SUMMARY ORDER
Movant, Jewish People for the Betterment of Westhampton Beach, (a.k.a. Jewish People Opposed to the Eruv, hereinafter “JPOE”) appeals from an order denying its motion to intervene in two separate suits in the United States District Court for the Eastern District of New York.
*52The East End Eruv Association (“EEEA”) seeks to build an “eruv,” a symbolic Jewish enclosure, in several Long Island communities. To this end, EEEA contracted with Verizon New York, Inc., the local phone company, and Long Island Power Authority (“LIPA”), the local power company, for the right to use their utility poles and public rights of way in the erection of the eruv. Several municipalities in which the eruv is to be located then threatened action against Verizon and LIPA pursuant to various local ordinances.
Subsequently, EEEA sued the municipalities alleging, inter alia, that their attempt to block the eruv violated the Free Exercise Clause. Verizon and LIPA also sued the municipalities seeking a declaratory judgment resolving their conflicting obligations to the municipalities and EEEA. The municipalities answered, and have argued that the enforcement of their ordinances does not violate EEEA’s Free Exercise rights, but that the eruv’s presence on public rights of way would violate the Establishment Clause. JPOE has now moved to intervene as a defendant in both actions, seeking to assert the same Establishment Clause argument. Following briefing and a short oral hearing, the district court denied JPOE’s motion from the bench and confirmed its ruling in a docket entry. JPOE now appeals this order.

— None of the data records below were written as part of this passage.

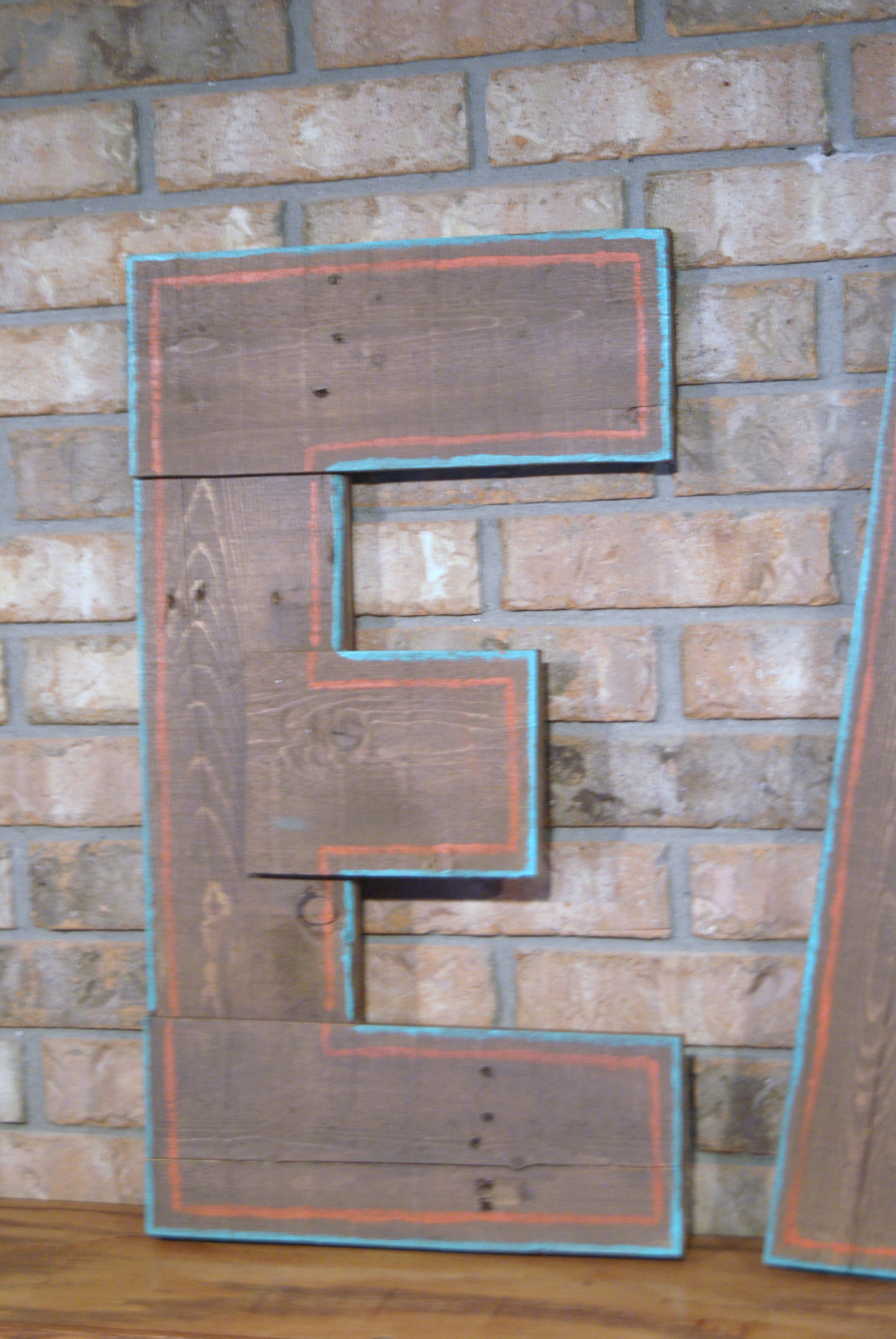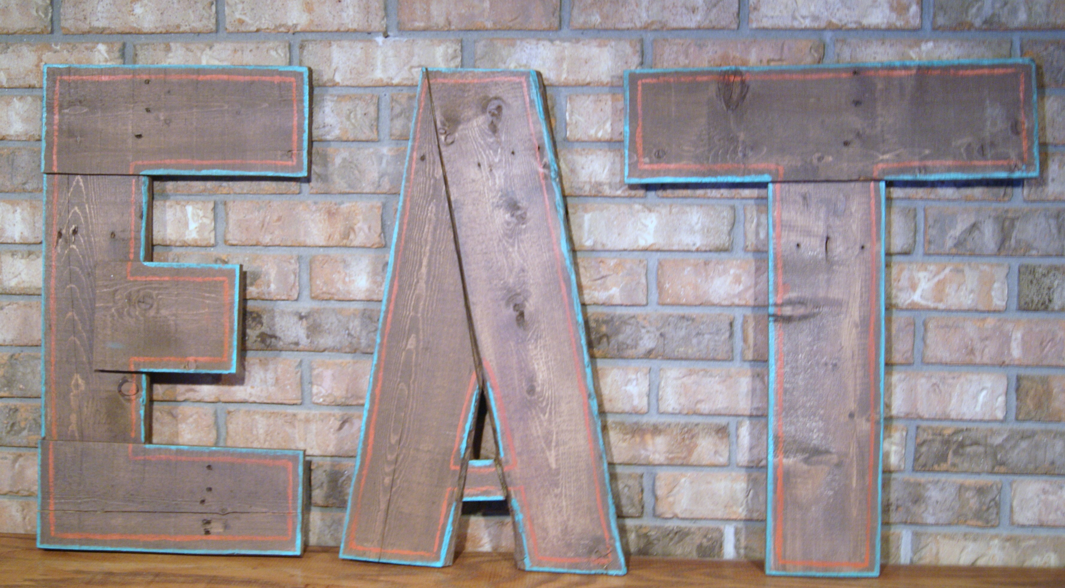 Free Shipping! Rustic Eat Sign. Handmade and hand painted over stained reclaimed wood. All letters measure 24" tall. The E is 13" wide and the T is 18" Wide. Saw tooth picture hangers included and installed. Can be hung any number of different ways. Or set on a shelf. We used a teal paint accented with burnt orange over chocolate stain. If you would like a different size or different colors call us or message 877-295-7077
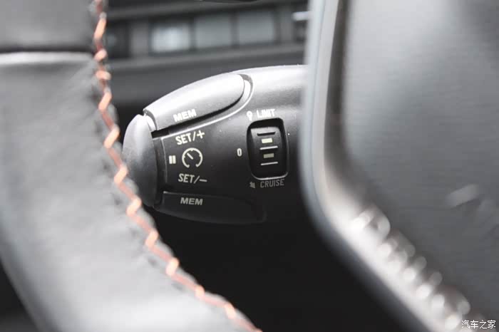 这个是定速巡航的按键把,上下两个MEM的键是调节速度大小的,按一下是加减1,按着不动是加减5,顶端椭圆是开始.暂停键。中间滚轮往上滚动是限速行驶,怎么用呢,比如有一段区间测速的路限速70,那么你就调上
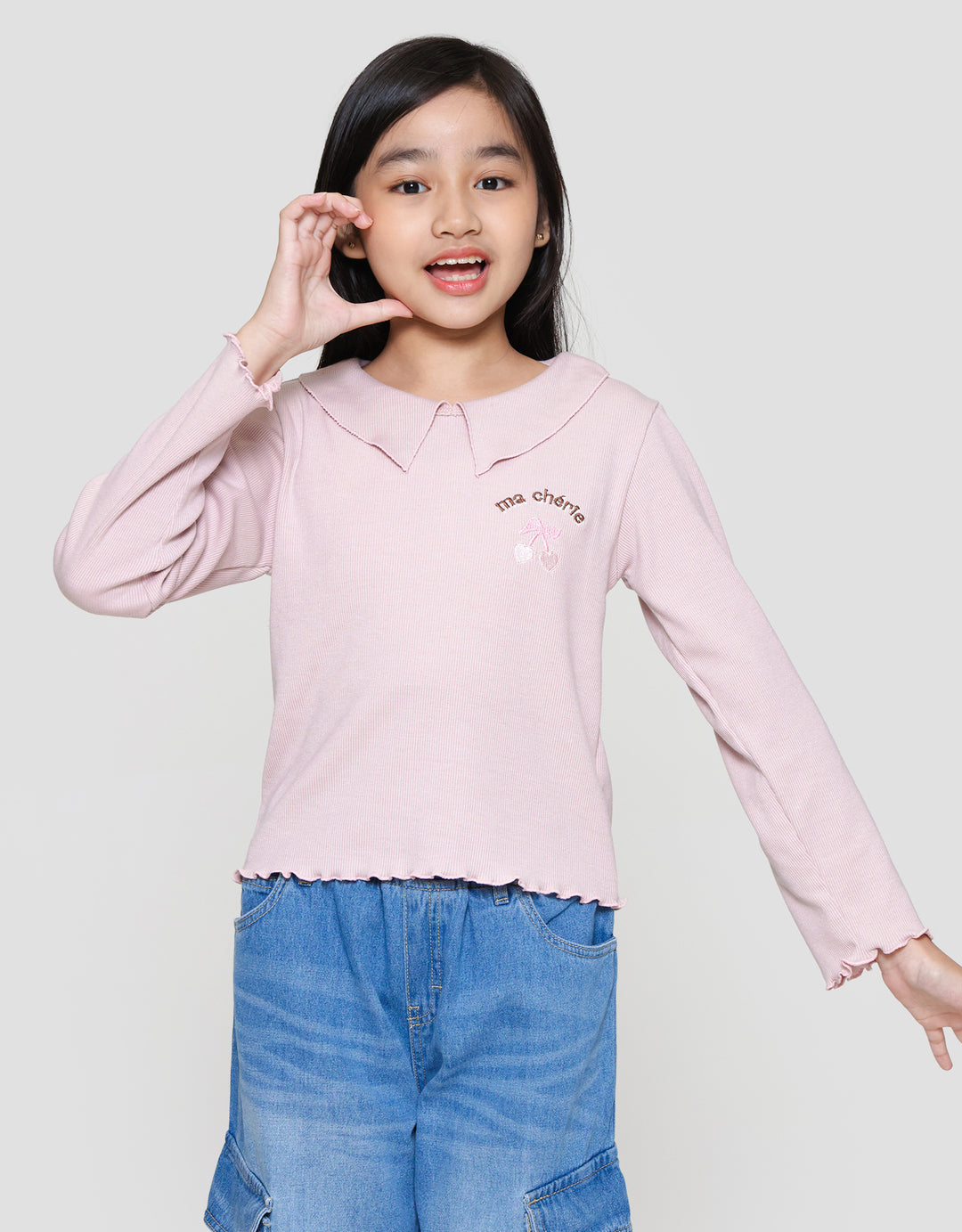 Nevada Rib Bordir Cherrie Kaos Anak Perempuan
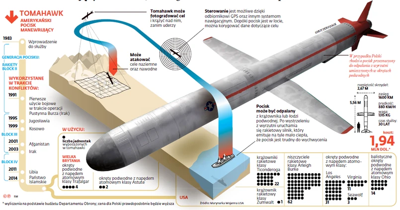 Tomahawki to amerykańskie pociski samosterujące, których Stany Zjednoczone po raz pierwszy użyły przeciw Irakowi na początku lat 90. podczas operacji Pustynna Burza. Broń ta jest na wyposażeniu jedynie USA i najbliższego sojusznika Waszyngtonu w Europie – Wielkiej Brytanii. O jej zakup pyta również Polska.
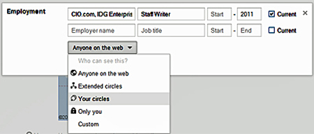 Nếu bạn chỉ muốn thông tin nghề nghiệp hiển thị với những người trong circle Friends, ví dụ, truy cập trang profile và chọn Edit Profile ở trên cùng. Kích vào mục bạn muốn chỉnh sửa, sau đó chọn menu drop-down "Anyone on the web".
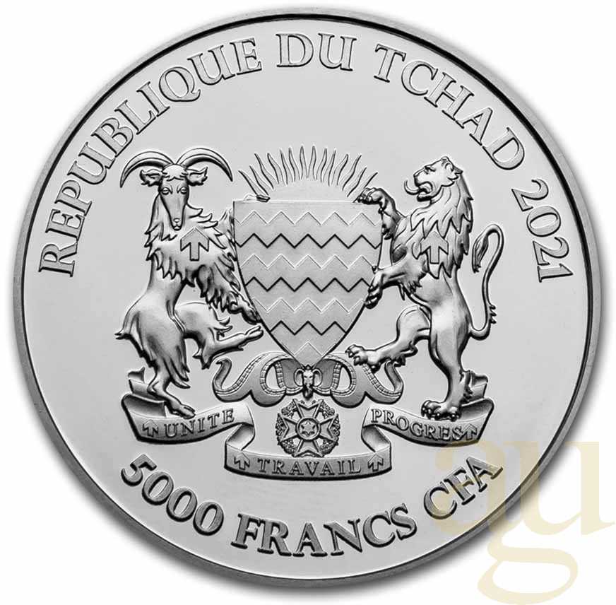Die Silbermünze zu 1oz Feinsilber zeigt auf der Vorderseite ein afrikanisches Warzenschwein umgeben vom Schriftzug 5.000 Franc CFA. Die Rückseite zeigt das Wappen der Republik Tchad und den Schriftzug 5.000 Francs CFA sowie die Jahreszahl 2021. Die Auflage ist gering mit nur 10.000 Stück weltweit angebotenen Münzen.
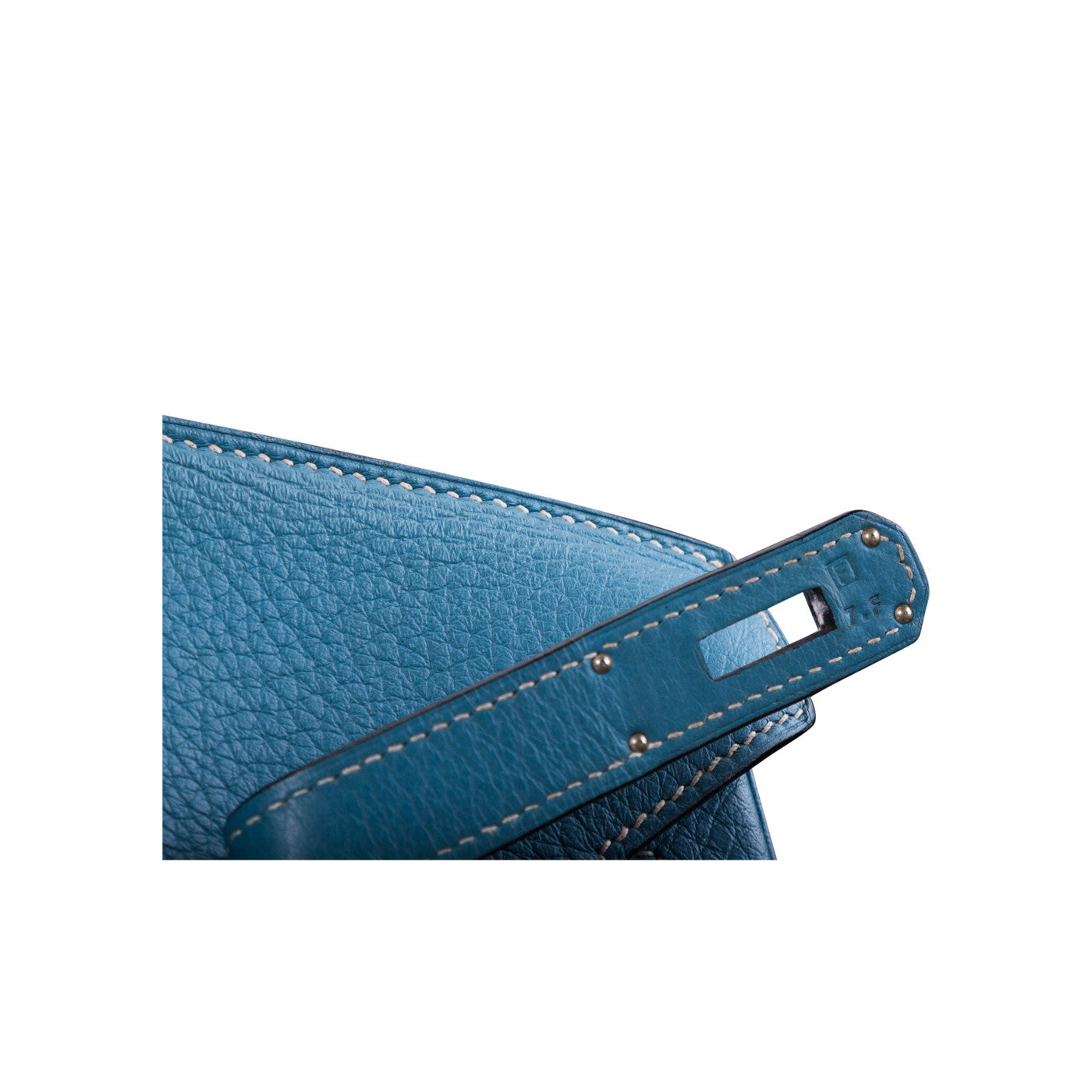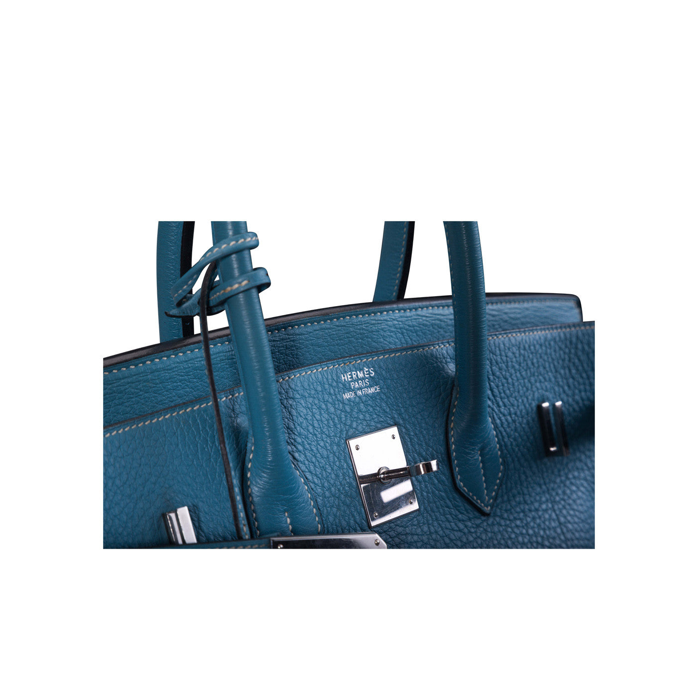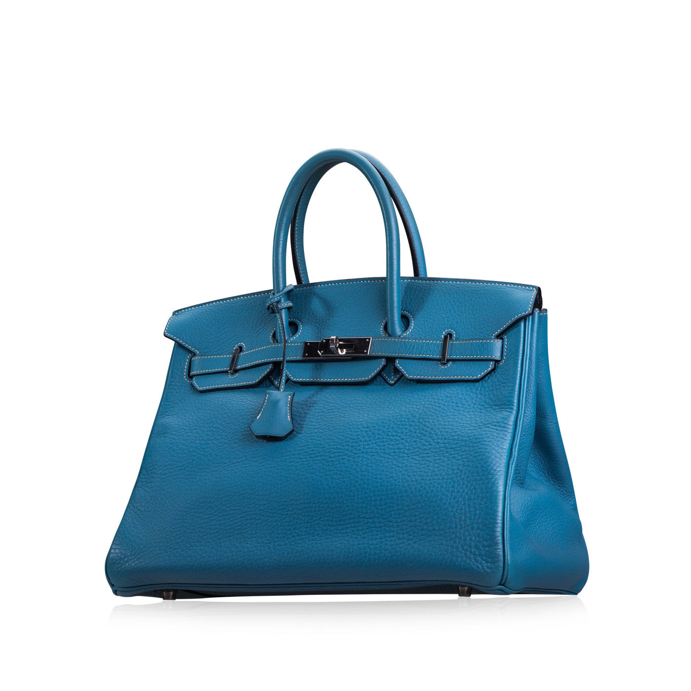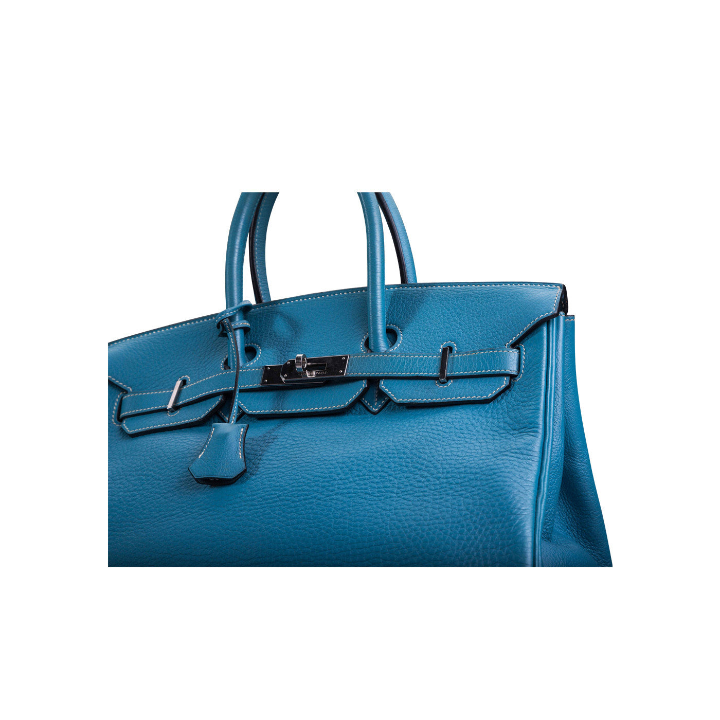 This Birkin 35 is the perfect size to carry everything you need, and comes in a stunning summer blue. The palladium hardware is modern and fresh for 2017. The Hermès Birkin is among the most famous bags in the world. First created in 1983 after Jean-Louis Dumas met Jane Birkin on a flight from Paris to London. In the short flight, Birkin explained that she needed a bag which was spacious enough for everything she needed to carry, with plenty of pockets as well. He sketched the first bag there and then, and the rest is history. Thirty-four years later, this bag has been created in a huge variety of styles and materials.

The record makes clear several reasons for the district court’s ruling. We are free to affirm based on any of these. See Beal v. Stern, 184 F.3d 117, 122 (2d Cir.1999). Among these justifications for the denial of JPOE’s motion is that JPOE and the municipal defendants make the same arguments and have the same objective. “Where there is an identity of interest, as here, [between a current party to the litigation and the intervenor] the [intervenor] must rebut the presumption of adequate representation by the party already in the action.” Butler, Fitzgerald & Potter v. Sequa Corp., 250 F.3d 171, 179-80 (2d Cir.2001). Since JPOE has failed to show why the municipal defendants do not adequately represent any interest it may have in the case, we affirm.
For the reasons stated above, the order of the district court is AFFIRMED with costs to all appellees.